Create serve-di.config.json
or serve-di.config.js
file at ROOT of your node app.
JS config file
const { defineConfig } = require('serve-di')
module.exports = defineConfig({
auth: [{ username: 'A', password: 'b' }],
serve: {
public: 'dist',
etag: true,
cleanUrls: true,
directoryListing: false,
trailingSlash: true,
},
logs: {
url: true,
config: true,
},
})
JS config file
{
"$schema": "https://raw.githubusercontent.com/madnh/serve-di/master/schema.json",
"auth": [{ "username": "A", "password": "B" }],
"serve": {
"public": "dist",
"etag": true,
"cleanUrls": true,
"directoryListing": false,
"trailingSlash": true
}
}
serve
field is config of serve-handler, refer to its config for
detail.
JSON config version
JSON config file only contains basic configs:
type JsonConfig = {
$schema?: string // Just link of JSON config schema file
port?: number
/**
* List of validated IP, support IPv4 only, can be range of IPv4.
* @example
* ['1.2.3.4', '2.3.4.5/27']
*/
validIps?: string[]
/**
* Basic Auth info
*/
auth?: Array<{
username: string
password: string
}>
proxies?: Record<`/${string}`, string>
serve?: ServeConfig
logs?: {
config?: boolean
url?: boolean
}
}
Default configs
const config: Config = {
serve: {
public: 'dist',
etag: true,
cleanUrls: true,
directoryListing: false,
trailingSlash: true,
},
}
Proxy
Use http-proxy-middleware to add proxy middleware.

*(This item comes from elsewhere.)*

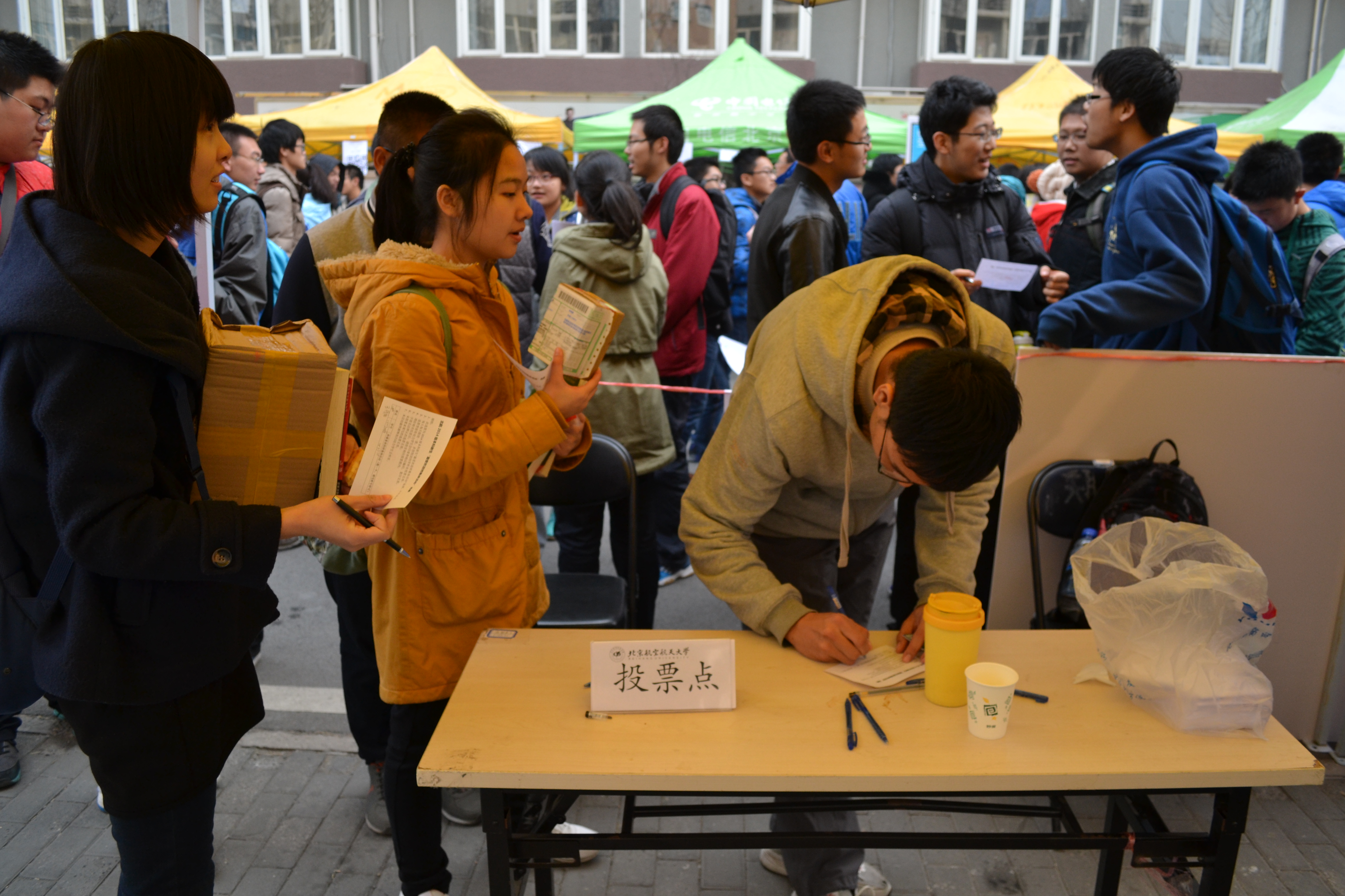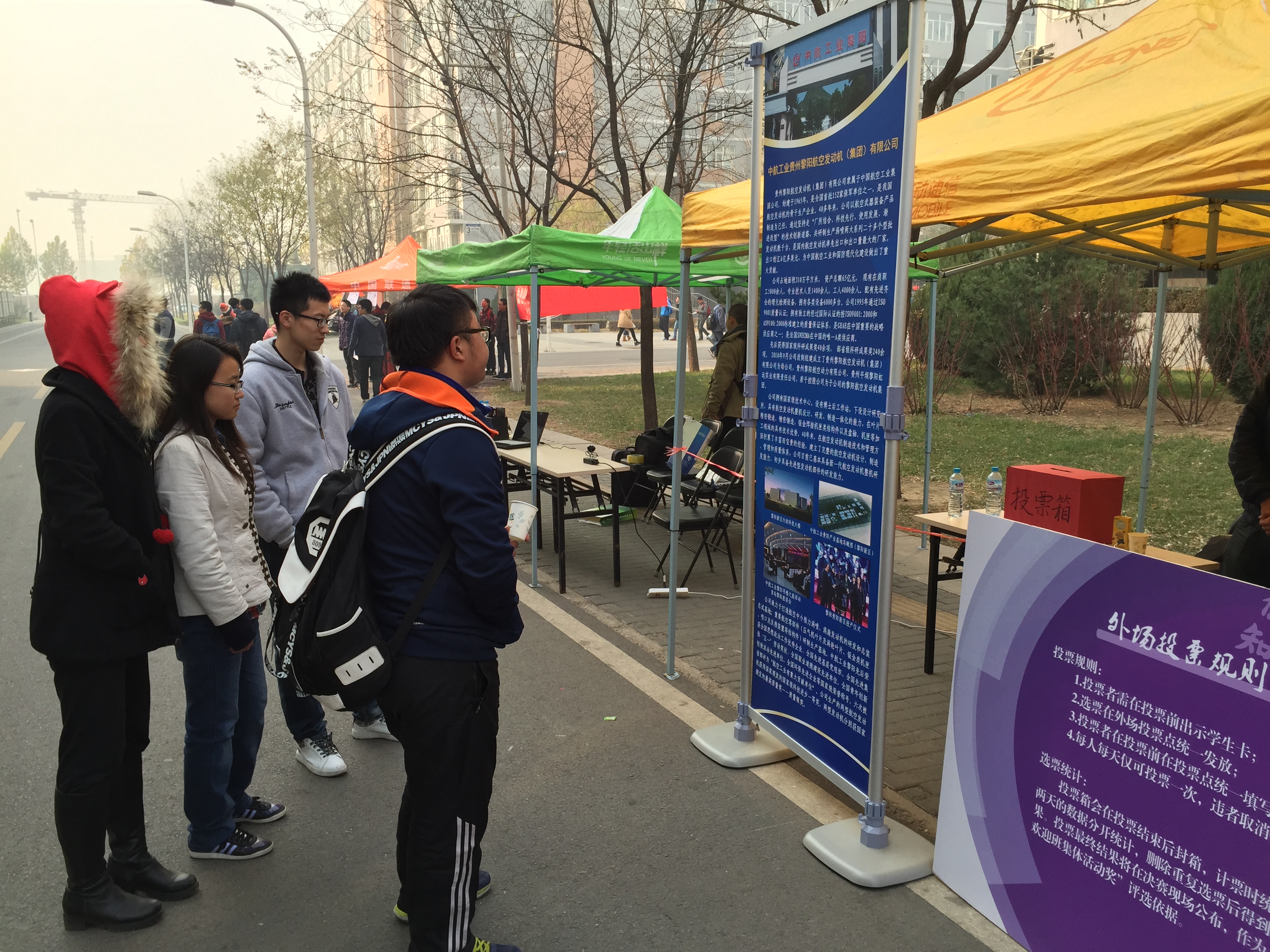 在本次比赛外场宣传活动中,每个班级都以蓬勃朝气彰显青春活力,用满腔热血弘扬“北航四爱”。在1、4号学生公寓之间的马路上,激情澎湃的口号声使得现场气氛热烈非凡。横幅与海报诉说着班级活动的点点滴滴,使同学们体会到了班集体活动的魅力。同学们纷纷驻足观看,置身于青春与激情的海洋。在活动内容上,有以心理健康为主题,主张缓解大学生心理压力的;也有以校园改进为主题,计划BICYCLE整理的等等。道路两侧的投票点,井然有序,为广大学生选择自己喜爱的班级活动提供了良好的平台。宣传活动期间我们用航拍记录全景,用照片铭刻瞬间,将一份份绚烂珍藏。

Remember to install http-proxy-middleware
.
npm i http-proxy-middleware
Config:
const config: Config = {
proxies: {
'/api': {
target: 'https://api.site.com',
changeOrigin: true,
},
'/api2': 'http://localhost:3000/',
},
}
{
"proxies": {
"/api": "https://api.site.com",
"/api2": "http://localhost:3000/"
}
}
Prefer to its document for more detail.